Raven, an enthusiast for his adopted home in Shark Bay, takes the 4WD to rarely used bushtracks, lonely sand dunes, deserted beaches and isolated clifftops where outsiders rarely go.
On these quiet tracks you can find thorny devils - nasty looking but perfectly gentle - bobtails, goannas and snakes basking peacefully in the sun. One 2m mulga - or king brown - snake, a species which has the largest output of venom of any snake in Australia, was so big it startled even him.
From clifftops like the impressive Eagle Bluff you can see kestrels soaring overhead and sharks, rays, turtles, dugongs and big fish swimming in the waters below.
The most remarkable of the beaches is Shell Beach which is made up of millions of tiny white shells piled 10m deep and 120km long, compressed over the centuries into solid blocks of shell.
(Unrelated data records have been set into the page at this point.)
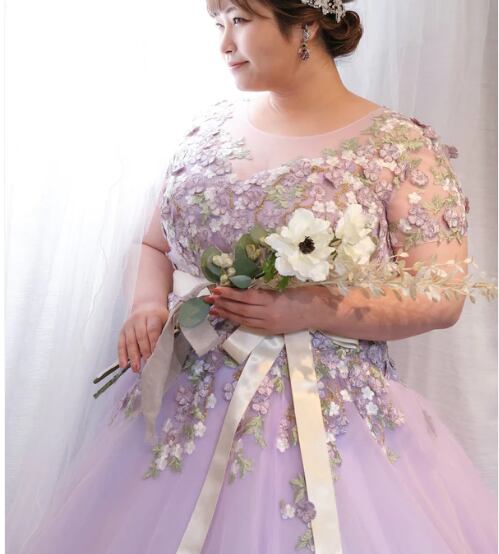 輝きな光彩を放つ ピンク紫 上品レース カラードレス ソフトチュール プリンセスライン 結婚式/披露宴
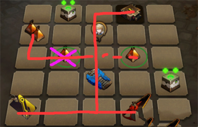 2.建议探地:紫色叉子里的两只怪物建议消灭,对角怪物距离较远,附近怪物留精英怪物增强效果。红色虚线不需要打怪,黑线不需要拿炸弹。
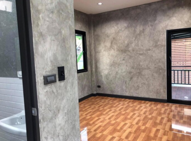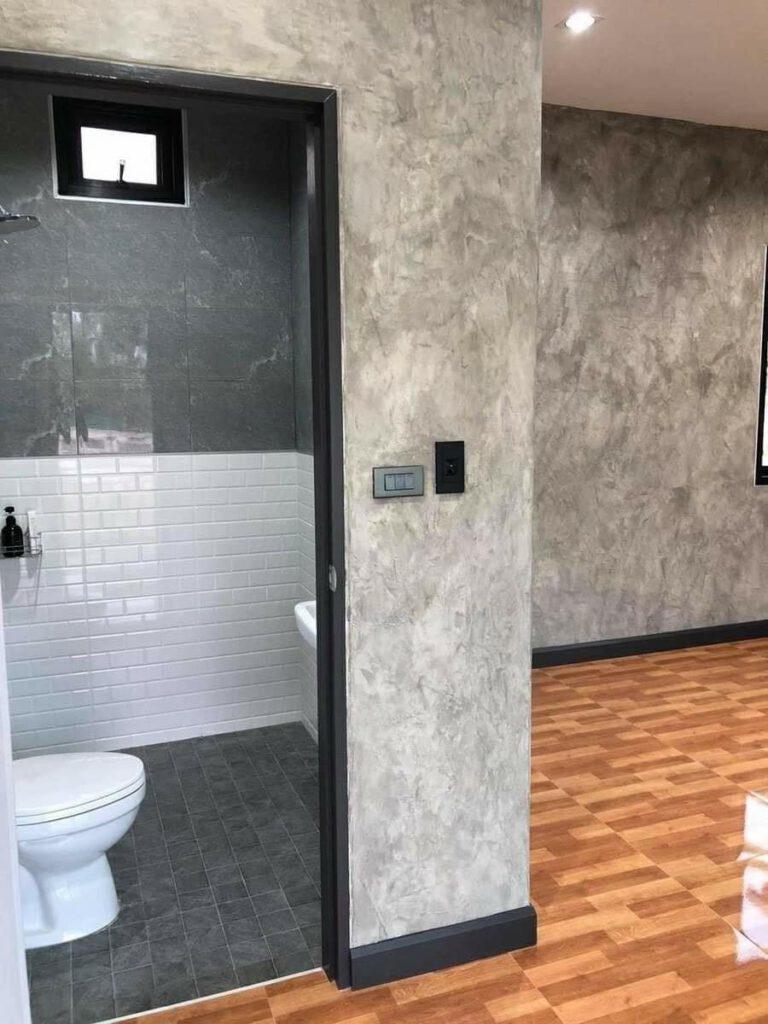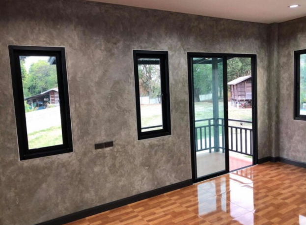 ด้านในบ้านผนังปูนเปลือยขัดมัน พื้นปูด้วยกระเบื้องลายไม้สีน้ำตาล

In the past this used to be cut with chainsaws and used for buildings - including Raven's home in the town of Denham and the nearby Old Pearler Restaurant.
"I've done a lot of research and I'm absolutely convinced that there's nowhere like this place in the world. There's no other beach like this and there's nowhere that has the animal life that we see every day. It's very, very special."